• **PROVIDED RECORDS**

───

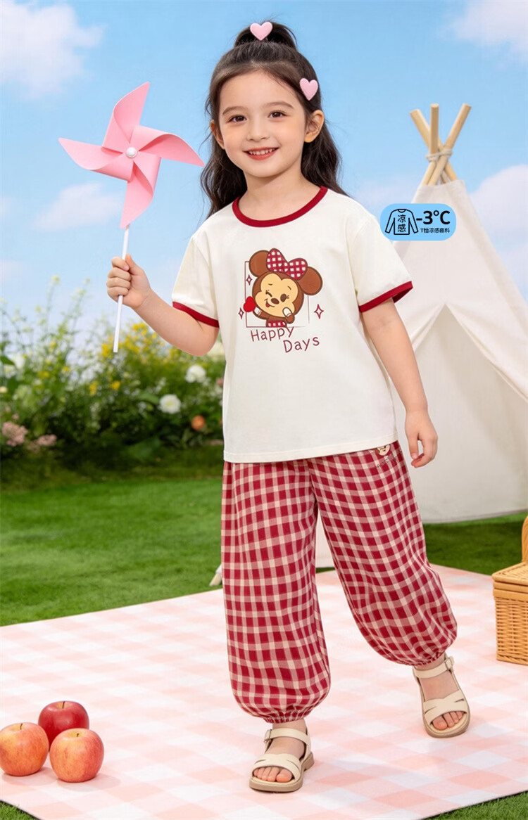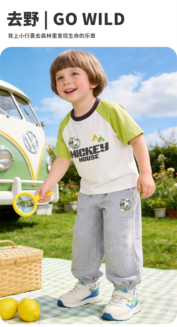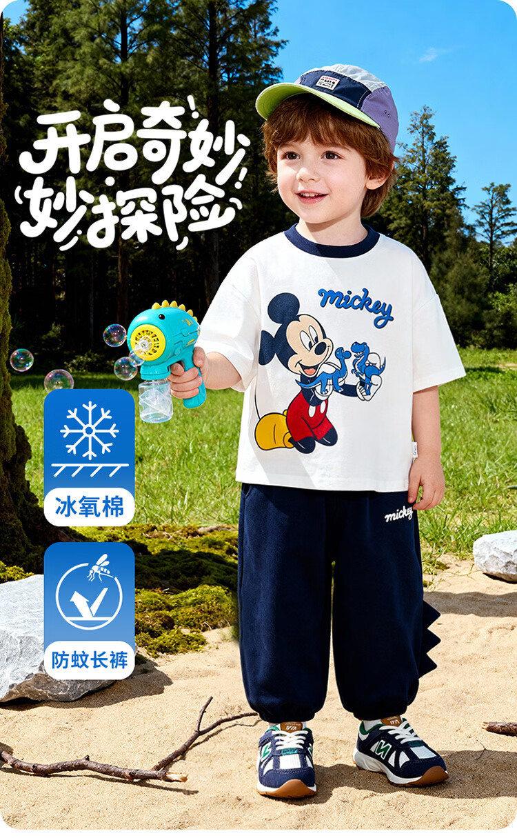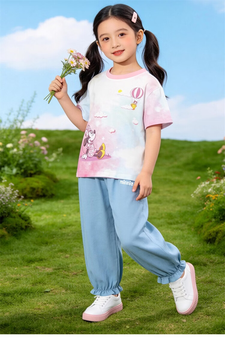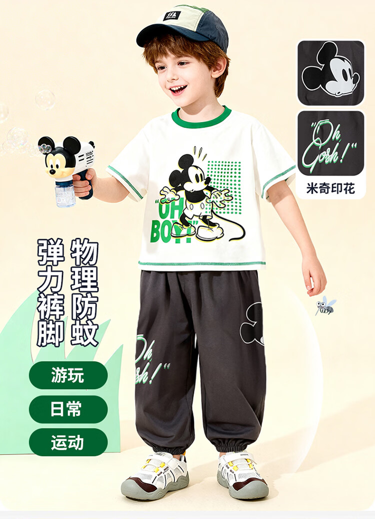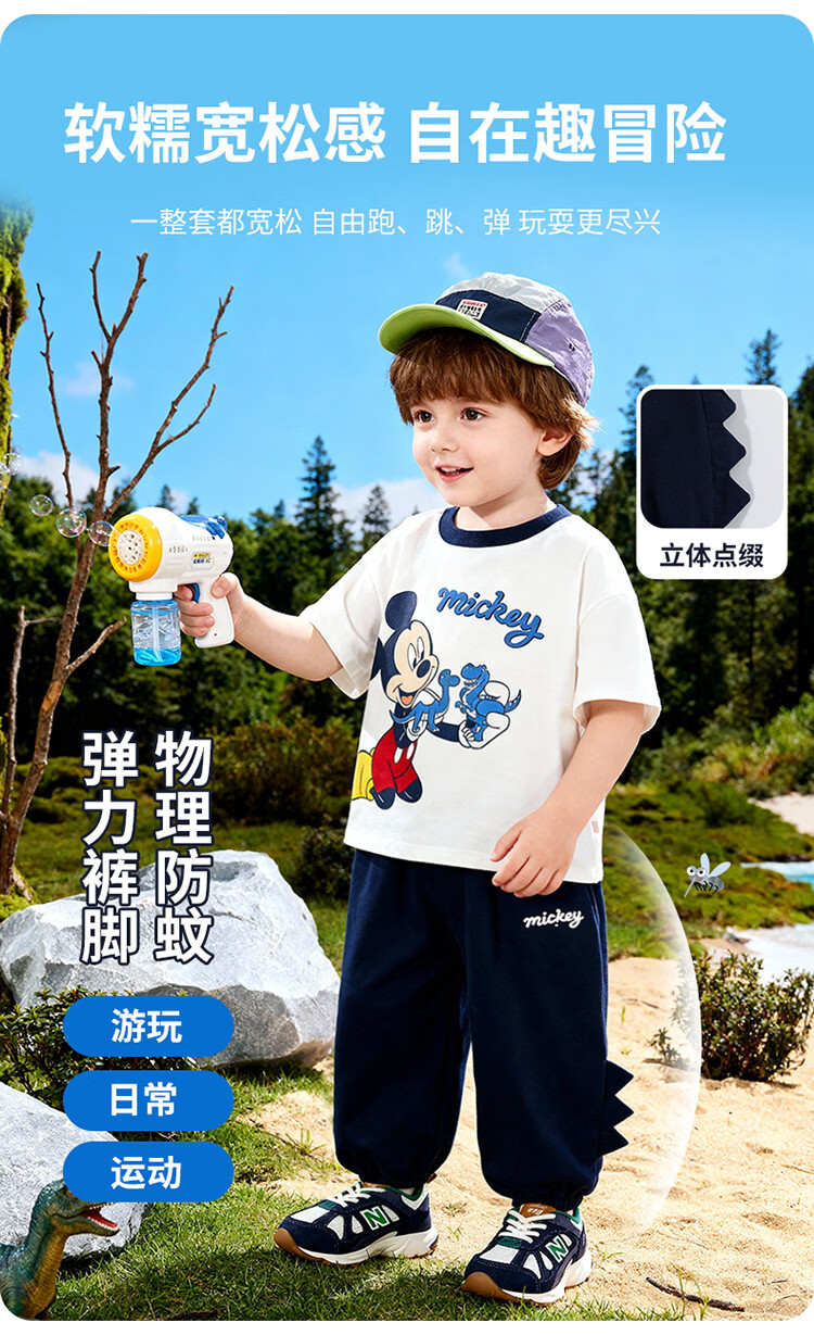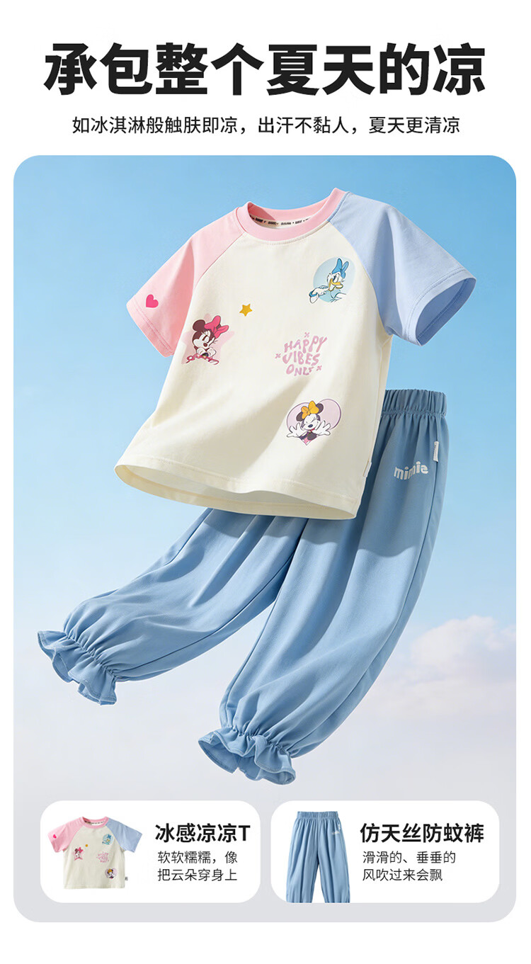 迪士尼儿童舒适凉感休闲短袖长裤套装夏季新款男女童甜美潮流运动套装 碳灰插肩袖套装 100 (建议2-3岁身高90-100cm)
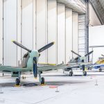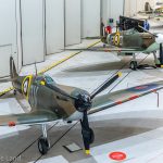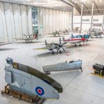 While The Fighter Collection’s F Mk.22 PK624 was not represented in its complete form, an example of the nearly identical F Mk.24 (VN485) was on view just beyond the exhibit doors for those interested in seeing how strikingly different these ultimate variants of the Spitfire appeared relative to their forebears. While it was a pity that VN485 could not have joined the collection in the formal exhibit, extricating the airframe from its position in the main AirSpace hangar would have presented a significant challenge, as a number of large aircraft were in the way.
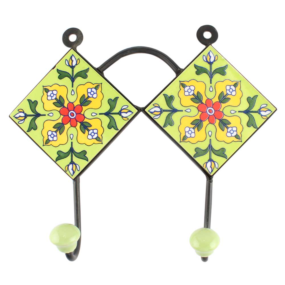 Pea Green Floral Ceramic Tile Hook. When Put on Wall or Cabinet It is An Art in Itself. The Metal Part of this Hook is Black Powder Coated.
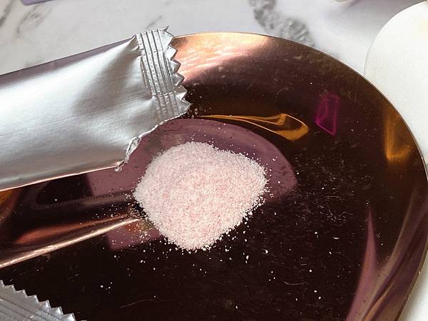 倒出來是這樣淺粉紅色的細緻粉末顆粒。
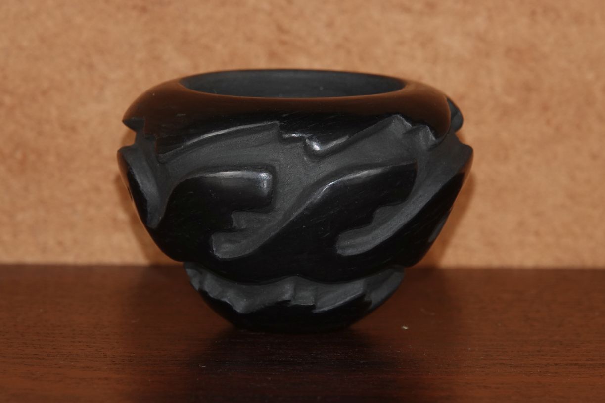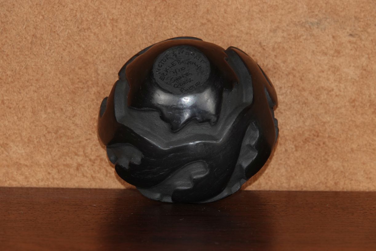 Santa Clara Pueblo black Incised Serpent pot by Victor and Naomi Eckleberry
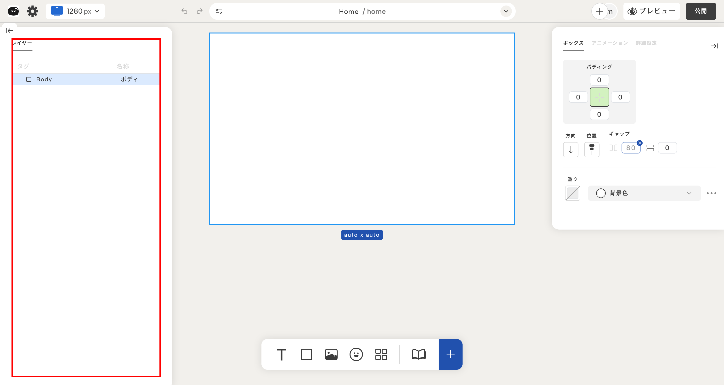 | レイヤーパネル(左) | ページ内の要素を階層構造で表示・管理 |
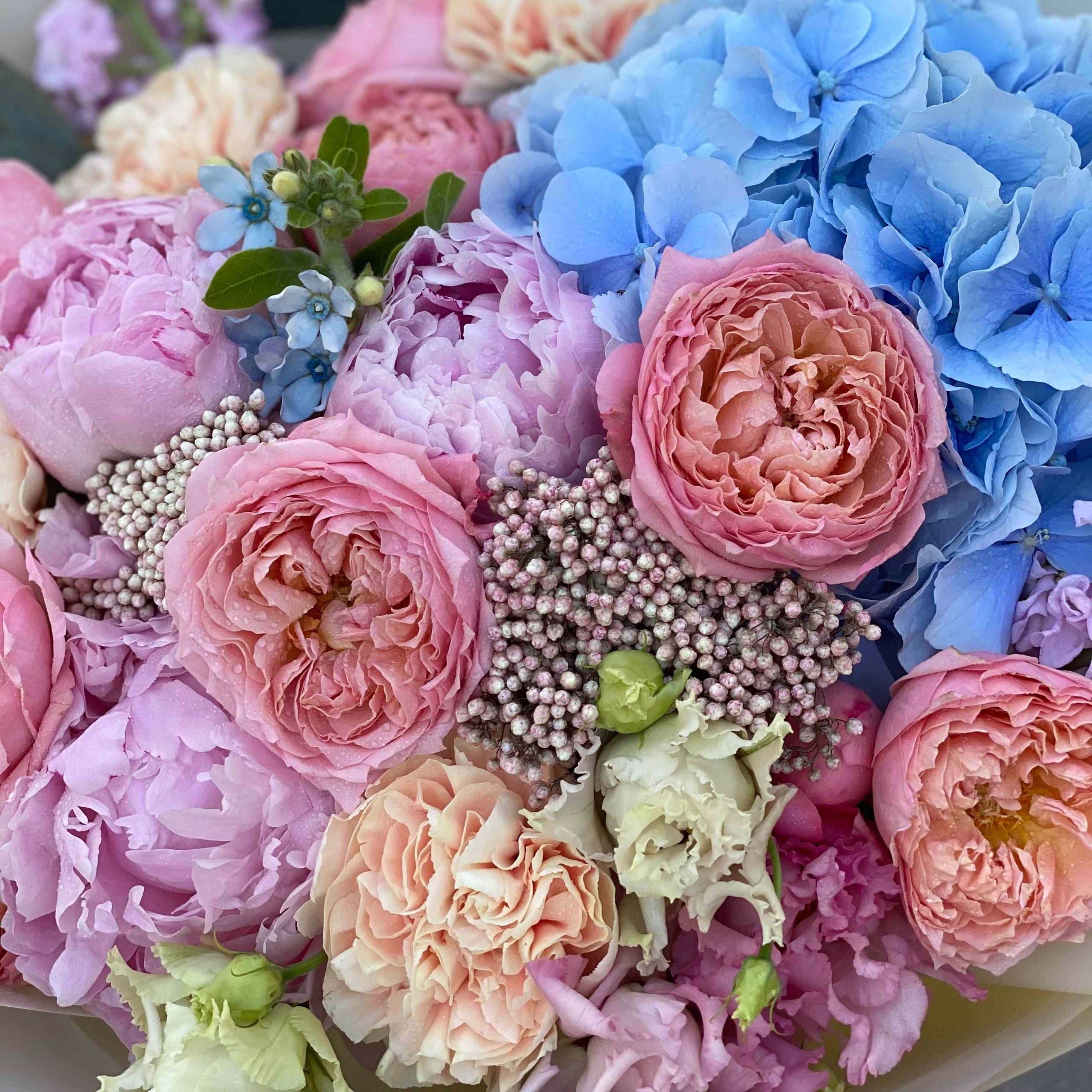 Букет с пионами ,орхидея ,Роза в дизайнерском оформлении
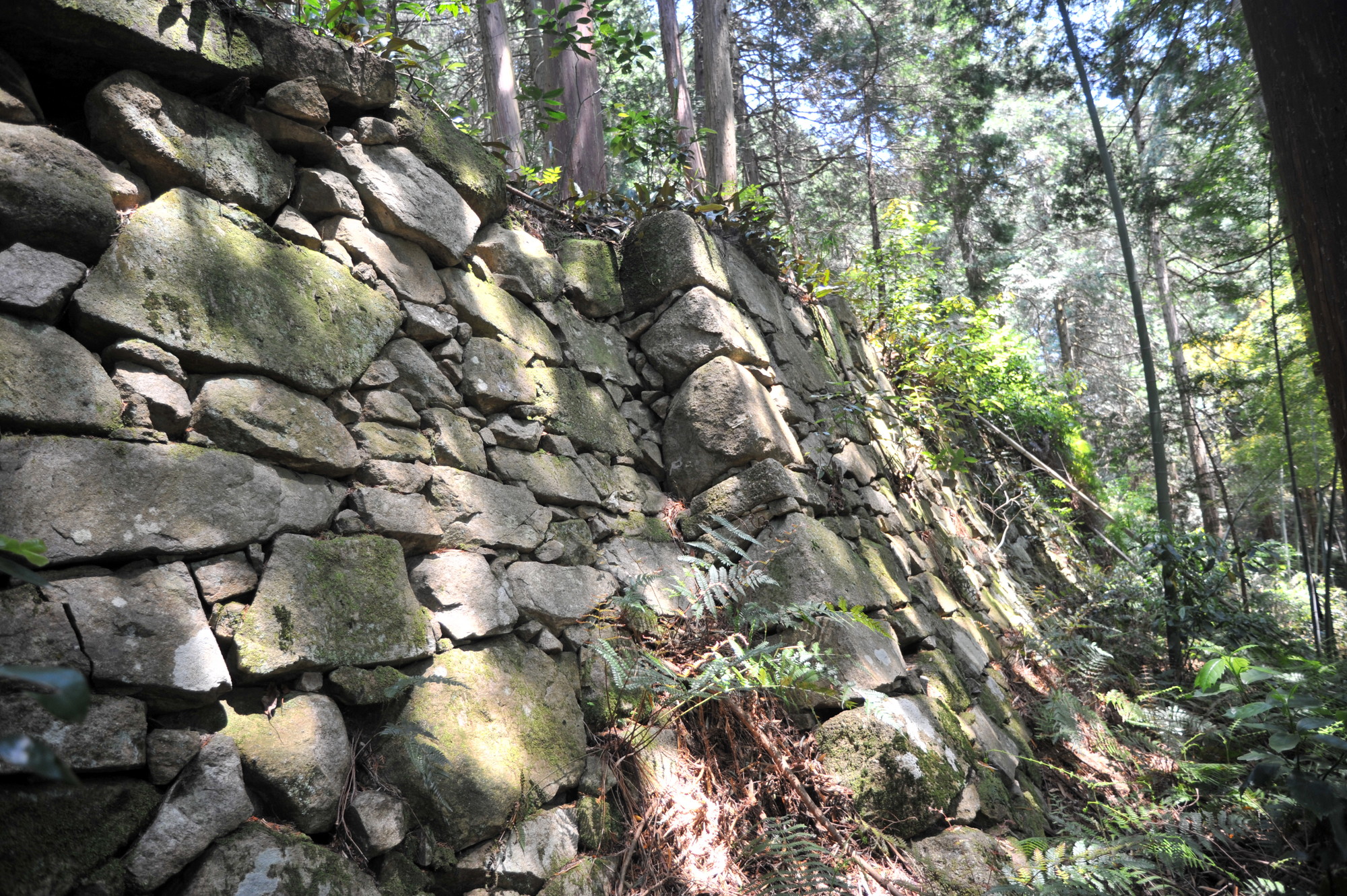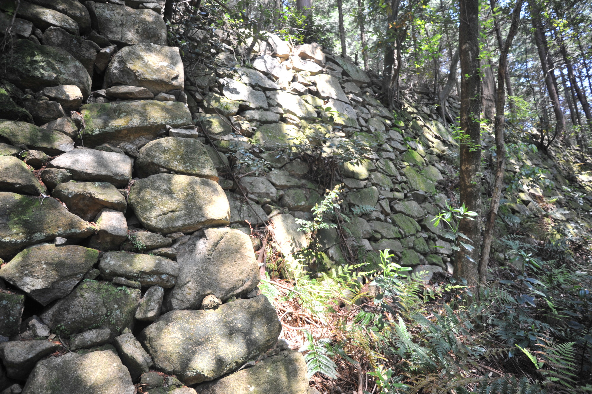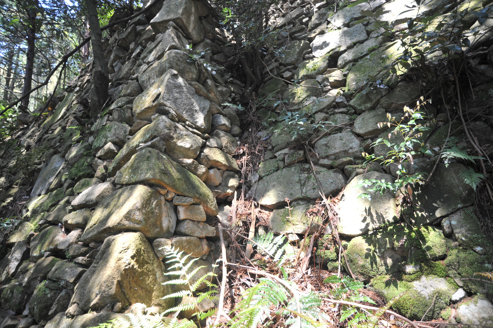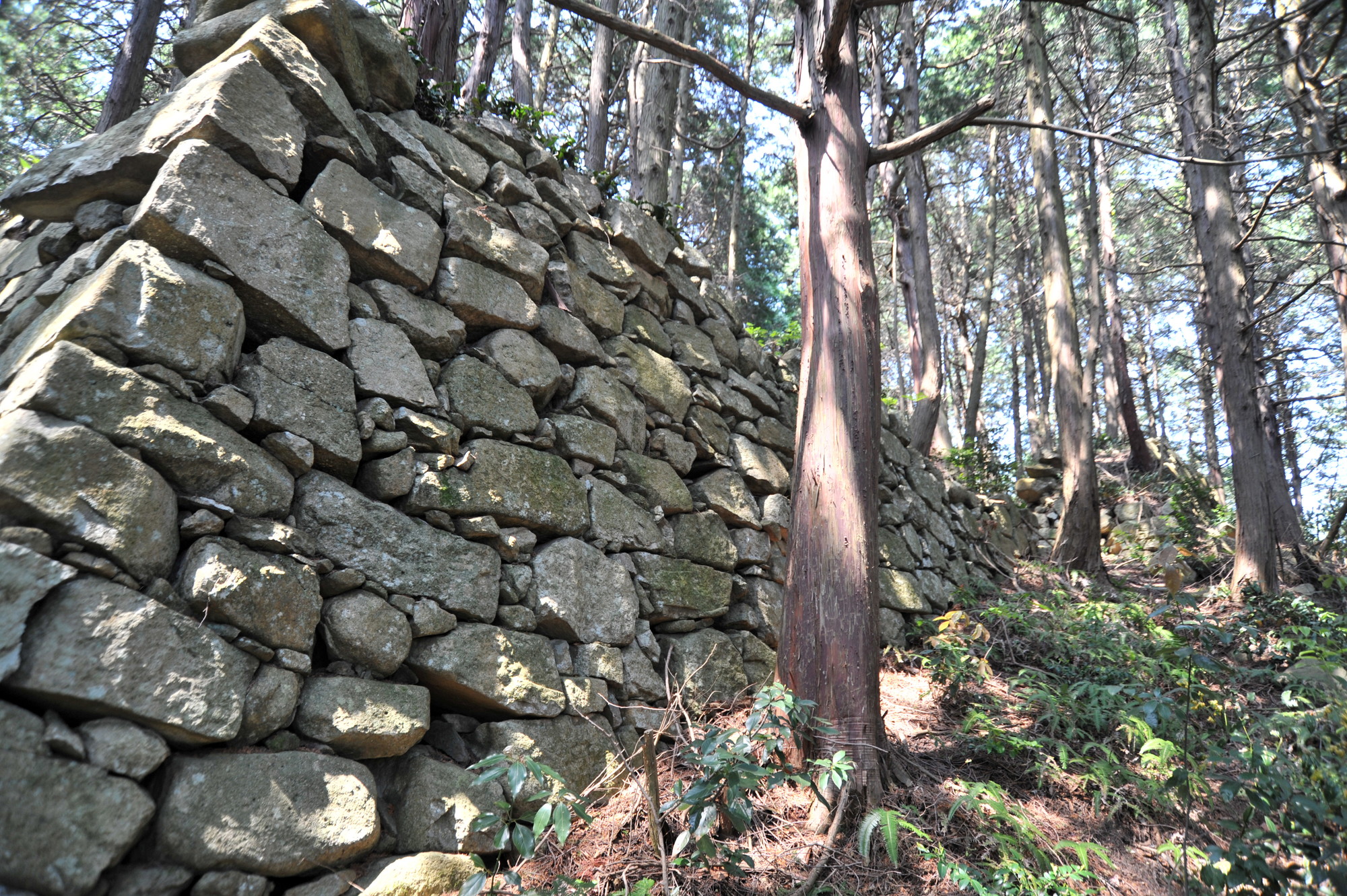 松源院の関係者用駐車場あたりから中堀跡に沿って山腹に入るとすぐこ右手に大小の石垣が見えます。多きなものは50メートルくらいの長さがあり、高さは最大で 5メートル近くあります。またこの大きな石垣は 2カ所で継ぎ足しが行われています。この継ぎ足しが工法によるものなのか、成り行きで増設されたものなのかは不明ですが、端の石垣の角は算木積になっており反り返りもあることから、素人の目には独立した石垣に別の石垣が継ぎ足されているように見えます。
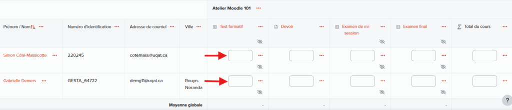 G- Vous pouvez entrer manuellement les notes pour chaque personne étudiante, ou utiliser le bouton
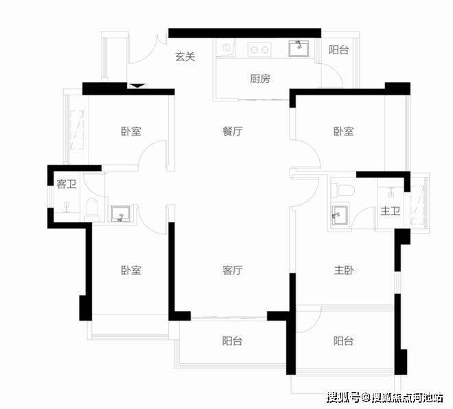 【115-118㎡4房2卫户型】双龙抱珠设计,主要生活空间 ,看中心园林景观舒适四房,三面采光,全明户型 单价区间:7.57-7.82万/㎡ 总价区间:878-920万

───

• **WHAT NEEDS TO BE DONE**
Exactly as written, return each line above and leave the pictures behind.

• **TASK RESPONSE**
 迪士尼儿童舒适凉感休闲短袖长裤套装夏季新款男女童甜美潮流运动套装 碳灰插肩袖套装 100 (建议2-3岁身高90-100cm)
 While The Fighter Collection’s F Mk.22 PK624 was not represented in its complete form, an example of the nearly identical F Mk.24 (VN485) was on view just beyond the exhibit doors for those interested in seeing how strikingly different these ultimate variants of the Spitfire appeared relative to their forebears. While it was a pity that VN485 could not have joined the collection in the formal exhibit, extricating the airframe from its position in the main AirSpace hangar would have presented a significant challenge, as a number of large aircraft were in the way.
 Pea Green Floral Ceramic Tile Hook. When Put on Wall or Cabinet It is An Art in Itself. The Metal Part of this Hook is Black Powder Coated.
 倒出來是這樣淺粉紅色的細緻粉末顆粒。
 Santa Clara Pueblo black Incised Serpent pot by Victor and Naomi Eckleberry
 | レイヤーパネル(左) | ページ内の要素を階層構造で表示・管理 |
 Букет с пионами ,орхидея ,Роза в дизайнерском оформлении
 松源院の関係者用駐車場あたりから中堀跡に沿って山腹に入るとすぐこ右手に大小の石垣が見えます。多きなものは50メートルくらいの長さがあり、高さは最大で 5メートル近くあります。またこの大きな石垣は 2カ所で継ぎ足しが行われています。この継ぎ足しが工法によるものなのか、成り行きで増設されたものなのかは不明ですが、端の石垣の角は算木積になっており反り返りもあることから、素人の目には独立した石垣に別の石垣が継ぎ足されているように見えます。
 G- Vous pouvez entrer manuellement les notes pour chaque personne étudiante, ou utiliser le bouton
 【115-118㎡4房2卫户型】双龙抱珠设计,主要生活空间 ,看中心园林景观舒适四房,三面采光,全明户型 单价区间:7.57-7.82万/㎡ 总价区间:878-920万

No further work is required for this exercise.